§ **Task data**

-=-=-=-=-

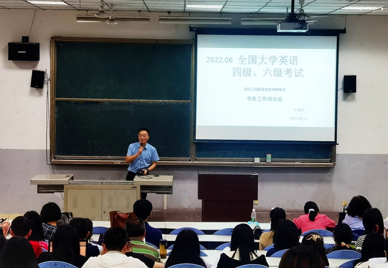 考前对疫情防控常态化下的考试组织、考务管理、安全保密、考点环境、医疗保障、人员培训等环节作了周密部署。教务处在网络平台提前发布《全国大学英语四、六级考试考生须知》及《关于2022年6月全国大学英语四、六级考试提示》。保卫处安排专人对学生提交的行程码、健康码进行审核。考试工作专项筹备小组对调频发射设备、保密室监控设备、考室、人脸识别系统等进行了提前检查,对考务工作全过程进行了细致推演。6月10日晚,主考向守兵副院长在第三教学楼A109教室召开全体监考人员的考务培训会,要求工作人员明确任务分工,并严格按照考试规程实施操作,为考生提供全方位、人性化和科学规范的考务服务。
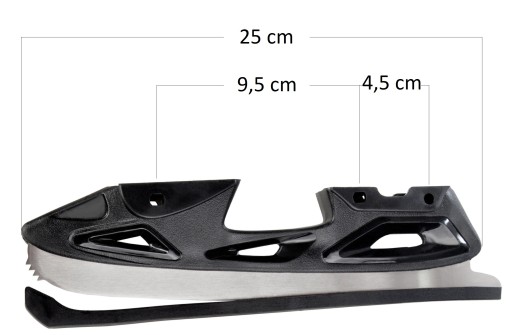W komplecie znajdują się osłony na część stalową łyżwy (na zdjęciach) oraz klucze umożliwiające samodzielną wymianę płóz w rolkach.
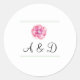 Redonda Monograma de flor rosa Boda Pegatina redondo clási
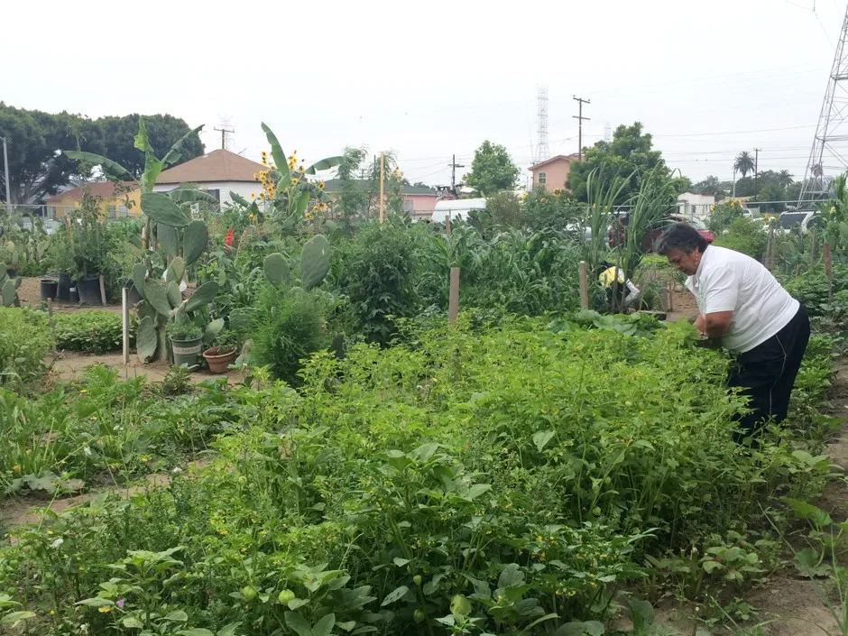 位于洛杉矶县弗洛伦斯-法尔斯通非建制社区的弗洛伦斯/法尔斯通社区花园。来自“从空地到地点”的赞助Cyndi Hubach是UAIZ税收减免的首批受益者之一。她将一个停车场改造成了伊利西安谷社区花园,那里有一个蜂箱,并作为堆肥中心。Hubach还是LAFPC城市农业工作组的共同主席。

-=-=-=-=-

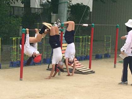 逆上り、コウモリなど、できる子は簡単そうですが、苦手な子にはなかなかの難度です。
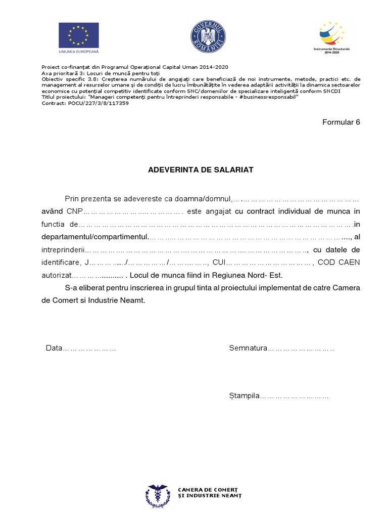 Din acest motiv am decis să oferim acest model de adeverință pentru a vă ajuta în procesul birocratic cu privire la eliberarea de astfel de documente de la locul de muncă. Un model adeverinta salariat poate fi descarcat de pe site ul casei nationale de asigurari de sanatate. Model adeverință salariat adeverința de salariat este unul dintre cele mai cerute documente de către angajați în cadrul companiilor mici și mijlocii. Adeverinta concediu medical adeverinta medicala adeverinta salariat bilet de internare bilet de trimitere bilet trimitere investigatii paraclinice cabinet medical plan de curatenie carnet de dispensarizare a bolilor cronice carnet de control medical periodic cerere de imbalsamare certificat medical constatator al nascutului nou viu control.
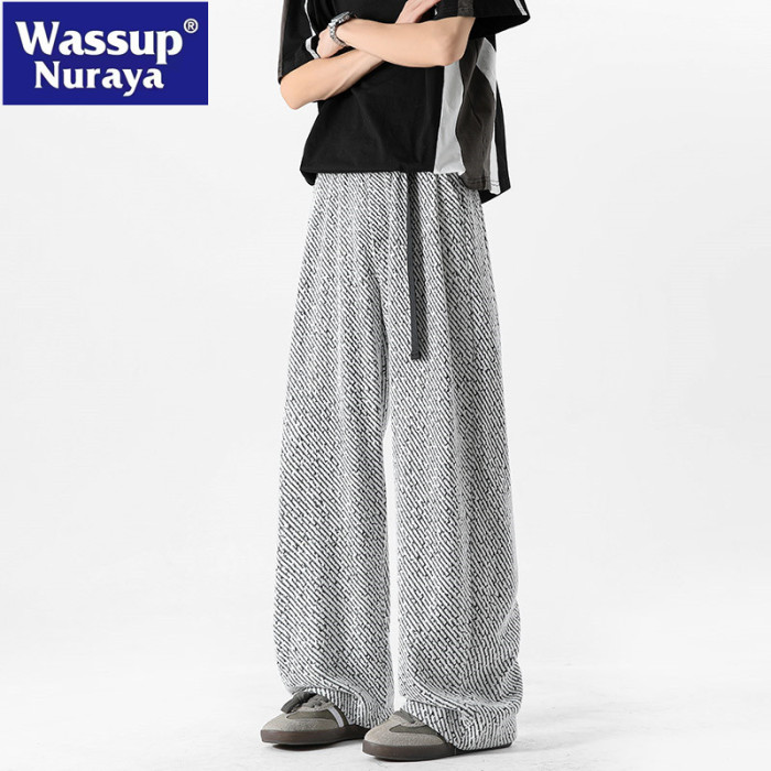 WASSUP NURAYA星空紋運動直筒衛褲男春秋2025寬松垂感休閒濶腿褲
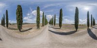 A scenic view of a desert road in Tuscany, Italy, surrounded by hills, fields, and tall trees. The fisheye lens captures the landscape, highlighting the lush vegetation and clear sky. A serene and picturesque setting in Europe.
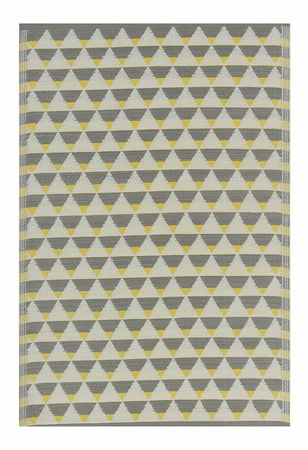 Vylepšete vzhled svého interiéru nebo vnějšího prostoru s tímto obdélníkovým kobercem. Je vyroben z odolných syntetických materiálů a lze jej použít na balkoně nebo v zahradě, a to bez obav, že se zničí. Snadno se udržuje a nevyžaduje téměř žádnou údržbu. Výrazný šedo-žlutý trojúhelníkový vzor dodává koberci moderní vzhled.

-=-=-=-=-

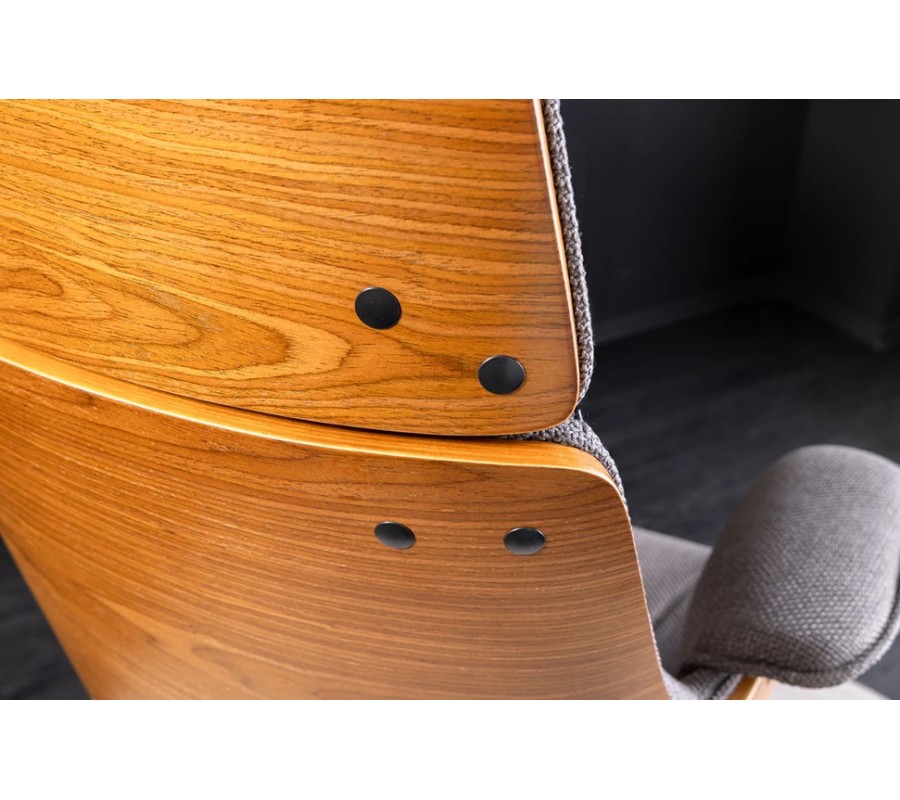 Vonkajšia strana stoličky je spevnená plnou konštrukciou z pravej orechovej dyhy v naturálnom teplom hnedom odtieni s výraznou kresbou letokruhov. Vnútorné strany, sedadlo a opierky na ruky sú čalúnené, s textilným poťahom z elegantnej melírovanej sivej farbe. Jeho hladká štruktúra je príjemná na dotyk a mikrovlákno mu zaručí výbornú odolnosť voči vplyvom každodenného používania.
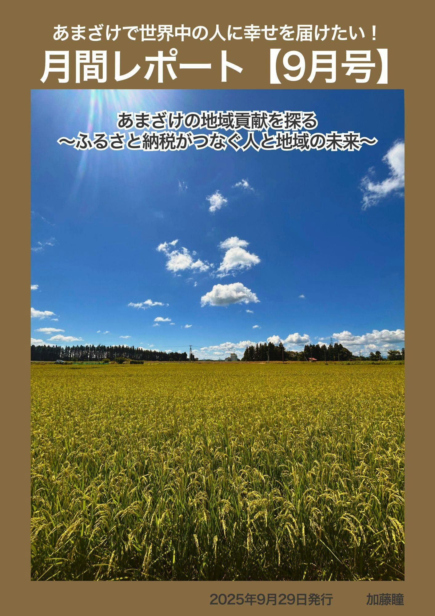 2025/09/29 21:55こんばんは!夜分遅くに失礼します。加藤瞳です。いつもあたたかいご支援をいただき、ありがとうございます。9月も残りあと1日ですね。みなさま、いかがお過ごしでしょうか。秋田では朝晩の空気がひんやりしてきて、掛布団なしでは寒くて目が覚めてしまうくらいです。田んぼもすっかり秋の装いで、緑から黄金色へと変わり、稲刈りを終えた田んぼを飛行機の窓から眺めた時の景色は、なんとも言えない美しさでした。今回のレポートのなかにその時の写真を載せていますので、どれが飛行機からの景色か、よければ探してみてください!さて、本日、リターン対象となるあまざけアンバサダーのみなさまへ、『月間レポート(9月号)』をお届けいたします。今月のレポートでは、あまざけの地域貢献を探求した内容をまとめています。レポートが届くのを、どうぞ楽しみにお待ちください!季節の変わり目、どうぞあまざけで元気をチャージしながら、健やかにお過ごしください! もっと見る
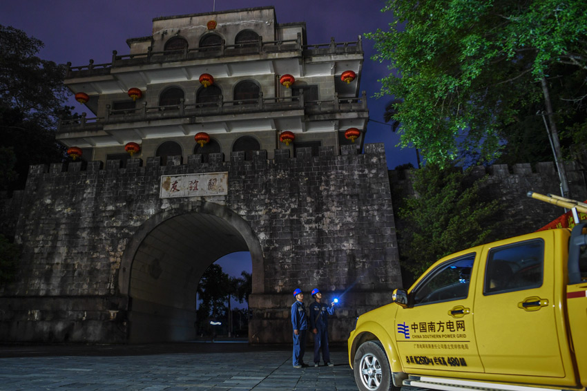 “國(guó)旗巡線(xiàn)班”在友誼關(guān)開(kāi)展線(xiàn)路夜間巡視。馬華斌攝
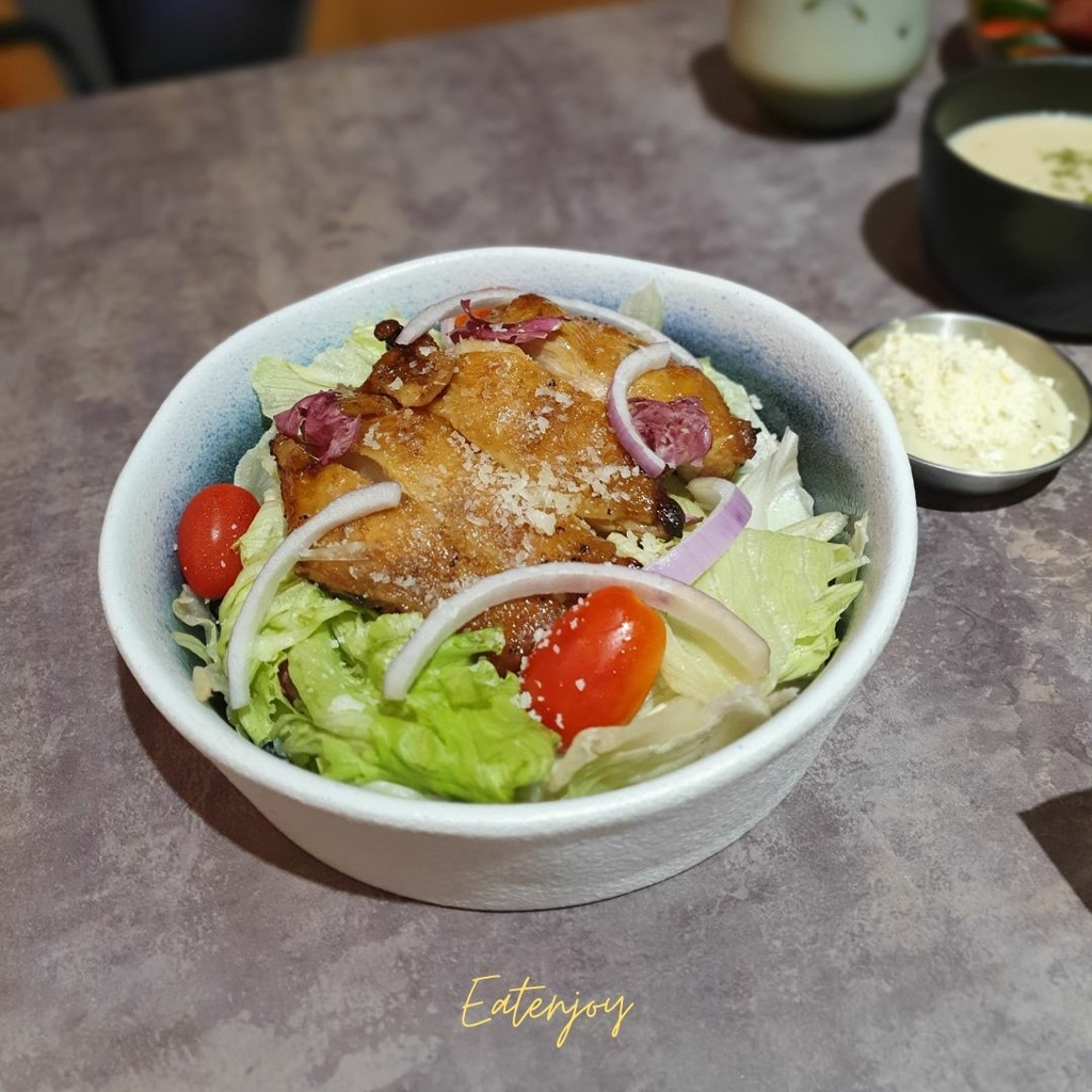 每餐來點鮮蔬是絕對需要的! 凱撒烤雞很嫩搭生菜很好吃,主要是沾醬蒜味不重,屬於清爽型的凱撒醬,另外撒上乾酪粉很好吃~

-=-=-=-=-

§ **Try it**
Taking the records above, print only and exactly the lines from the line with "考前对疫情防控常态化下的考试" to the line with "位于洛杉矶县弗洛伦斯-法尔斯", both kept, and exclude pictures.

§ **Solution to this problem**
 考前对疫情防控常态化下的考试组织、考务管理、安全保密、考点环境、医疗保障、人员培训等环节作了周密部署。教务处在网络平台提前发布《全国大学英语四、六级考试考生须知》及《关于2022年6月全国大学英语四、六级考试提示》。保卫处安排专人对学生提交的行程码、健康码进行审核。考试工作专项筹备小组对调频发射设备、保密室监控设备、考室、人脸识别系统等进行了提前检查,对考务工作全过程进行了细致推演。6月10日晚,主考向守兵副院长在第三教学楼A109教室召开全体监考人员的考务培训会,要求工作人员明确任务分工,并严格按照考试规程实施操作,为考生提供全方位、人性化和科学规范的考务服务。
W komplecie znajdują się osłony na część stalową łyżwy (na zdjęciach) oraz klucze umożliwiające samodzielną wymianę płóz w rolkach.
 Redonda Monograma de flor rosa Boda Pegatina redondo clási
 位于洛杉矶县弗洛伦斯-法尔斯通非建制社区的弗洛伦斯/法尔斯通社区花园。来自“从空地到地点”的赞助Cyndi Hubach是UAIZ税收减免的首批受益者之一。她将一个停车场改造成了伊利西安谷社区花园,那里有一个蜂箱,并作为堆肥中心。Hubach还是LAFPC城市农业工作组的共同主席。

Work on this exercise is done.